_Records shown_.
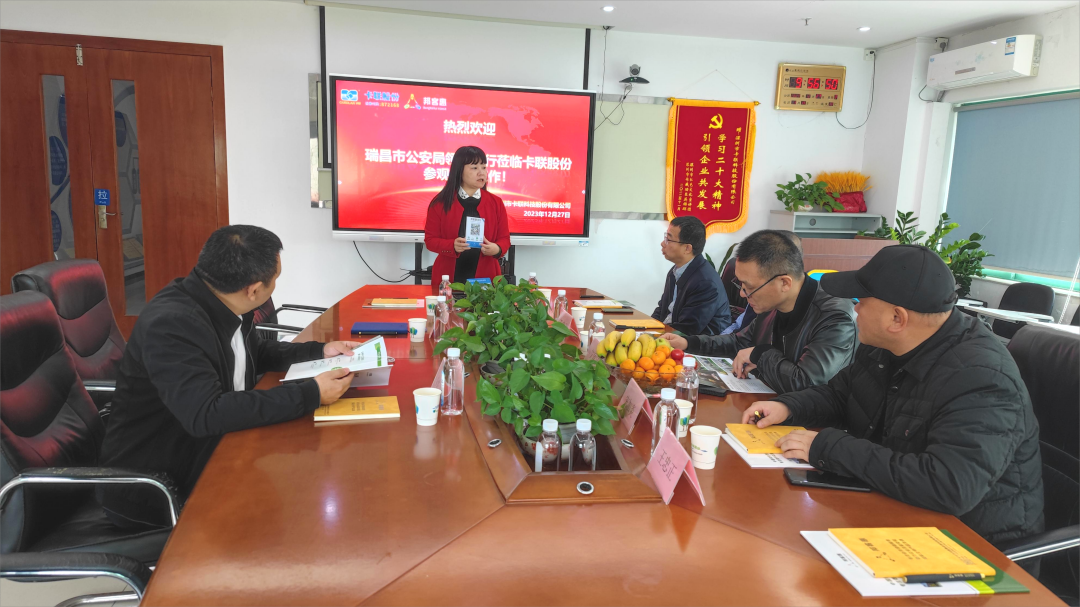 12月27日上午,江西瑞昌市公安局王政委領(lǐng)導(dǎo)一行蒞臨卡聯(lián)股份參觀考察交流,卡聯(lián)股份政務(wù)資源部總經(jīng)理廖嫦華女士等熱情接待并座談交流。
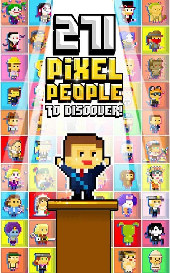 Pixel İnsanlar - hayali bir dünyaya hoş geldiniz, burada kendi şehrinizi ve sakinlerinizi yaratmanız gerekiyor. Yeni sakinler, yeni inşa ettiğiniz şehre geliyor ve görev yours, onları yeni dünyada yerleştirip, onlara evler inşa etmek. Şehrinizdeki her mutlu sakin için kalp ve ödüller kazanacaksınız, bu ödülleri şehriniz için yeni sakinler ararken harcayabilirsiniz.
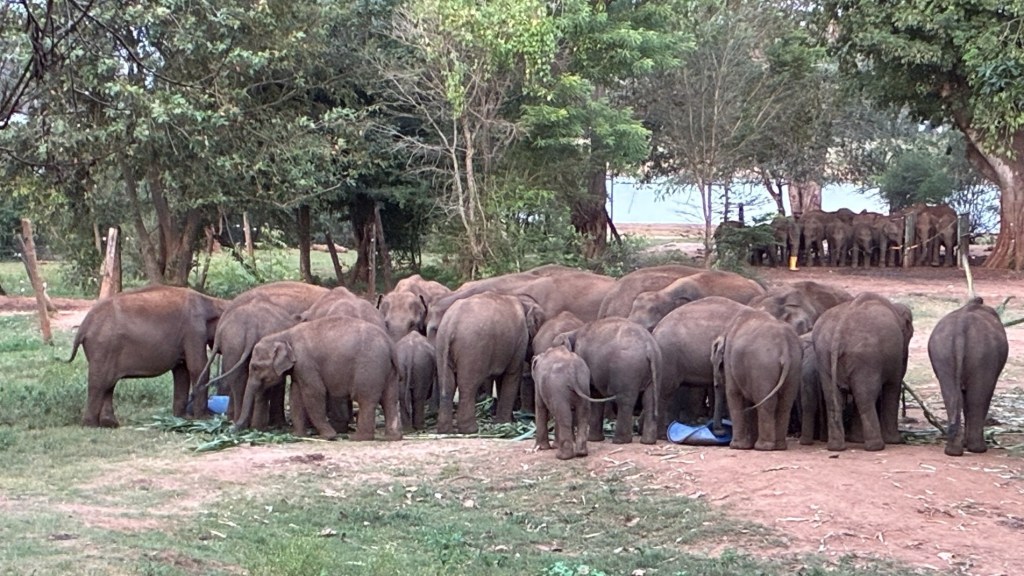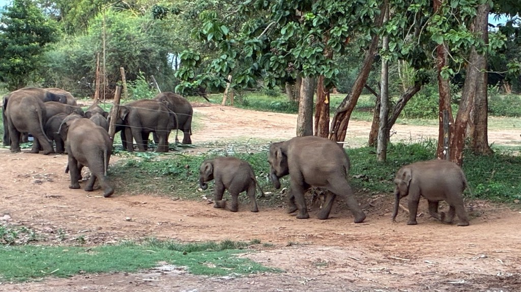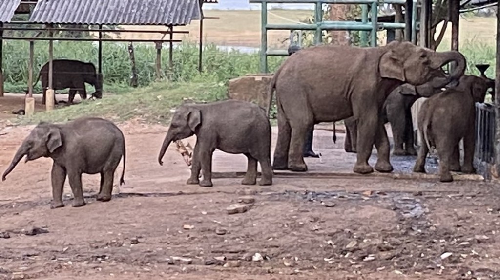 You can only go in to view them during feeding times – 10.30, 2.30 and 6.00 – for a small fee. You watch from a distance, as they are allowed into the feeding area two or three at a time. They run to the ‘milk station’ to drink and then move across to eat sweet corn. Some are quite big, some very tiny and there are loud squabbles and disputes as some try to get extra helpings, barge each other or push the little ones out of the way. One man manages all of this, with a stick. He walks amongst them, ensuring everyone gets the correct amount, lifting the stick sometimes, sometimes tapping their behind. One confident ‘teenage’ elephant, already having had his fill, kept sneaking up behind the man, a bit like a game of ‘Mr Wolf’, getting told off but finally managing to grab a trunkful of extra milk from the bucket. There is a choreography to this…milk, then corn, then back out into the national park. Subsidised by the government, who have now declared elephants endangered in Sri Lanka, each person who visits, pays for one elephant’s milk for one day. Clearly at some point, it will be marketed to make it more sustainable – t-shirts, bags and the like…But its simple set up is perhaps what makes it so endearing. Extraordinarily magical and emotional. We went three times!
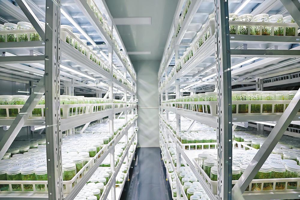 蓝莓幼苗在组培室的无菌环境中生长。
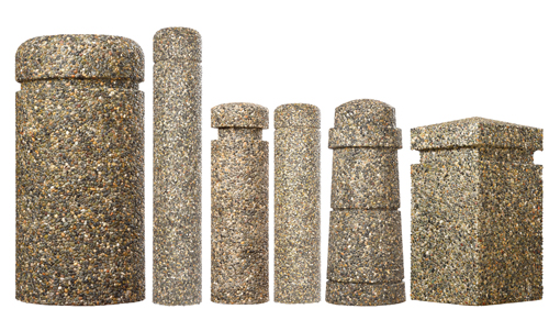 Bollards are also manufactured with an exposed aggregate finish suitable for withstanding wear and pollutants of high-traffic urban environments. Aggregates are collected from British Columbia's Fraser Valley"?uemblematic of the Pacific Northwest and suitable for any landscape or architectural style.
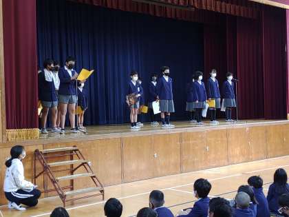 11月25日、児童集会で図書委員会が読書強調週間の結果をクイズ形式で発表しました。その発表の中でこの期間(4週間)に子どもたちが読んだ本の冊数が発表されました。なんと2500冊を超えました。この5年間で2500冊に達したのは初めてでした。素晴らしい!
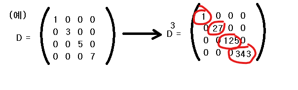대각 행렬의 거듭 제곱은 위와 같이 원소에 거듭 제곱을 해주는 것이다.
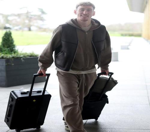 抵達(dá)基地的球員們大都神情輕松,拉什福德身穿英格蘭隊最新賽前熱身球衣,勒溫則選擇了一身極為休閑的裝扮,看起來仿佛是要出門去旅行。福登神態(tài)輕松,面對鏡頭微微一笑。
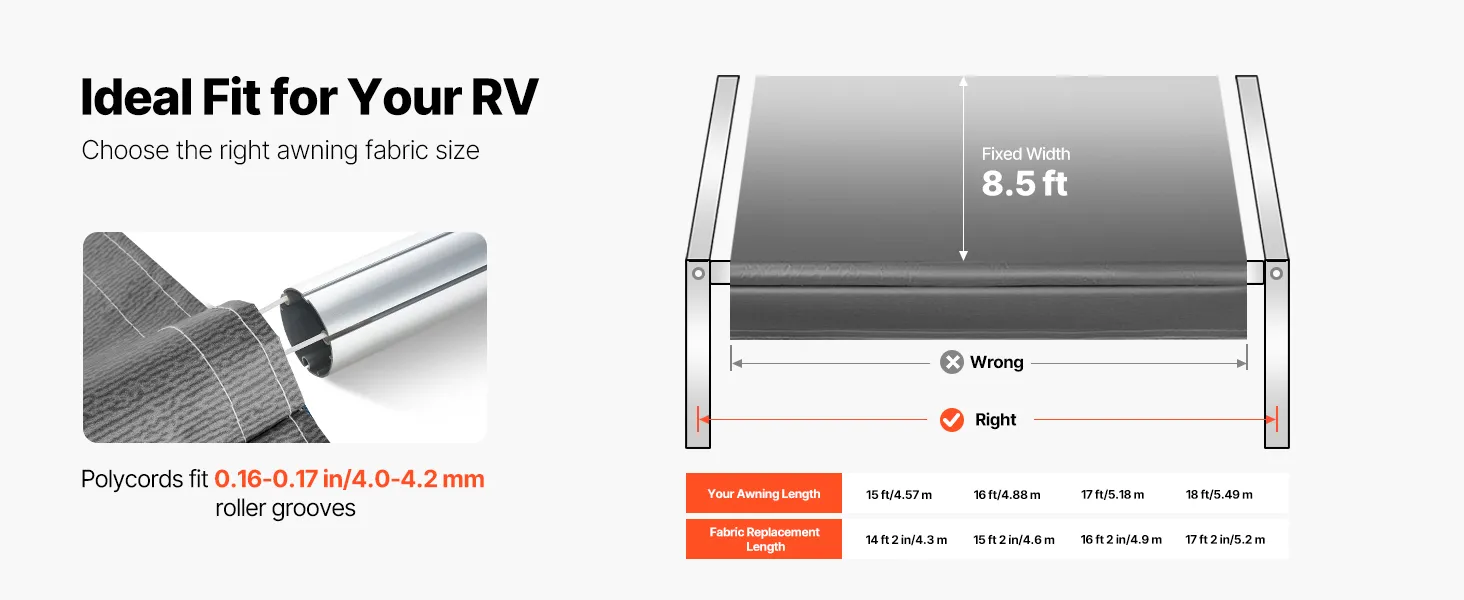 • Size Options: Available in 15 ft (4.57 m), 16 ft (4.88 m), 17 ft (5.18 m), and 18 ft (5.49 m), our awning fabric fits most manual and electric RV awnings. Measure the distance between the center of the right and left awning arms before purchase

_Exercise instructions_. Exactly the lines from the one that contains "대각 행렬의 거듭 제곱은 위와 같이 원소에 거듭 제곱을 해주는 것이다." through the final line of the records above are needed, given again word for word, with every picture left out.

_Response to this task_.
대각 행렬의 거듭 제곱은 위와 같이 원소에 거듭 제곱을 해주는 것이다.
 抵達(dá)基地的球員們大都神情輕松,拉什福德身穿英格蘭隊最新賽前熱身球衣,勒溫則選擇了一身極為休閑的裝扮,看起來仿佛是要出門去旅行。福登神態(tài)輕松,面對鏡頭微微一笑。
 • Size Options: Available in 15 ft (4.57 m), 16 ft (4.88 m), 17 ft (5.18 m), and 18 ft (5.49 m), our awning fabric fits most manual and electric RV awnings. Measure the distance between the center of the right and left awning arms before purchase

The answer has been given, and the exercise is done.